Last Sunday, July 11, celebrated the Day of Russian Post. This is a young holiday — it has been celebrated since 1994 on the second Sunday of July.
At the same time, Russian mail is one of the oldest in Europe. The prototype of postal messages already existed in Kievan Rus: the population was obliged to provide horses and food for them to princely messengers. During the period of the Mongol yoke, a system of pits — postal stations (from where the word “coachman” came from) developed. Peasants and townspeople carried the postal service: they carried princely messengers. Since 1516, the Yamsky order was established to oversee the coachmen; he also controlled the delivery of government papers. Under Peter the Great, the first post offices re established; in the army, a military field post was launched. Further, the system of delivery of items branched out and became more complicated; new types of communication and transport came to serve her.
With the advent of the Internet and e‑mail, paper correspondence and individual artifacts like postage stamps seemed to have disappeared, but they remained with us. Partly by necessity: paper documents sometimes still need to be sent. Partly because of the charm that a paper card or letter carries.
Postcards and stamps continue to live. Probably, the same thing will happen (and is already happening) with paper magazines: they have ceased to be as massive as before, but continue to live, change and evolve in their niche.
There are at least two great hobbies that come from the mail.
Collecting postage stamps is a whole universe for those who understand. Canceled stamps with a postmark are of particular value to collectors. Interestingly, not only stamps, but also clippings can be collectibles: parts of an envelope with a stamp, and in modern collections you can also find entire envelopes.

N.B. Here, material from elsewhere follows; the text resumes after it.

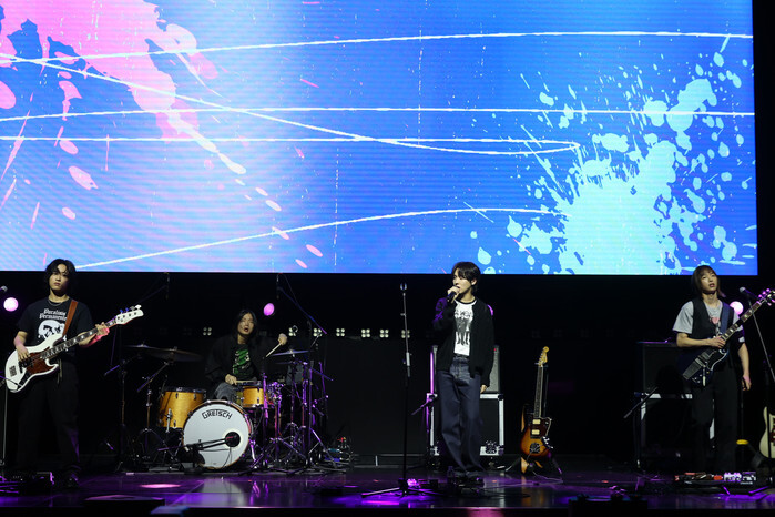 South Korean rock band Dragon Pony performs during a showcase to promote the group's debut album "POP-UP" in Seoul on Sept. 26, 2024. (Yonhap)

To store postage stamps, you will need a special album with holders (it is called a klyasser), and, possibly, separate clipboards (these are holder strips for stamps and other small items that can be pasted into albums).
And in specialized shops for philatelists you can see magnifiers, tezers and even cosmetics for stamps.
Or the international exchange of postcards. It is both a hobby and a platform of that name founded in 2005. As of July 14, 2020, 791,745 people from 206 countries are registered in the project. It is based on the mechanism of indirect exchange: you send postcards to one person, and receive from others.
It works like this. You register on the platform, and your address is included in the project’s large database of addresses. You are given a bunch of names and addresses of people from all over the world; you look at their preferences (it’s better to do this, and not send them at random), choose postcards, and write your own message to each. Experienced postcrossers recommend that you first glue the required number of stamps, then write the address, and write a few friendly words on the remaining space.
And, of course, it will be very cool if your postcard represents the country, tells something about the culture of Russia. If this does not contradict the request, send a new acquaintance views of old Moscow performed by Apollinary Vasnetsov, Ivan Bilibin’s illustrations for Pushkin’s fairy tales, or sketches by Lev Bakst — a foreign friend will surely be pleased to receive this.
By the way, collecting postcards is called “philokartia”.
Did you collect stamps or postcards as a child? Do you have postcrossing experience? Tell about it!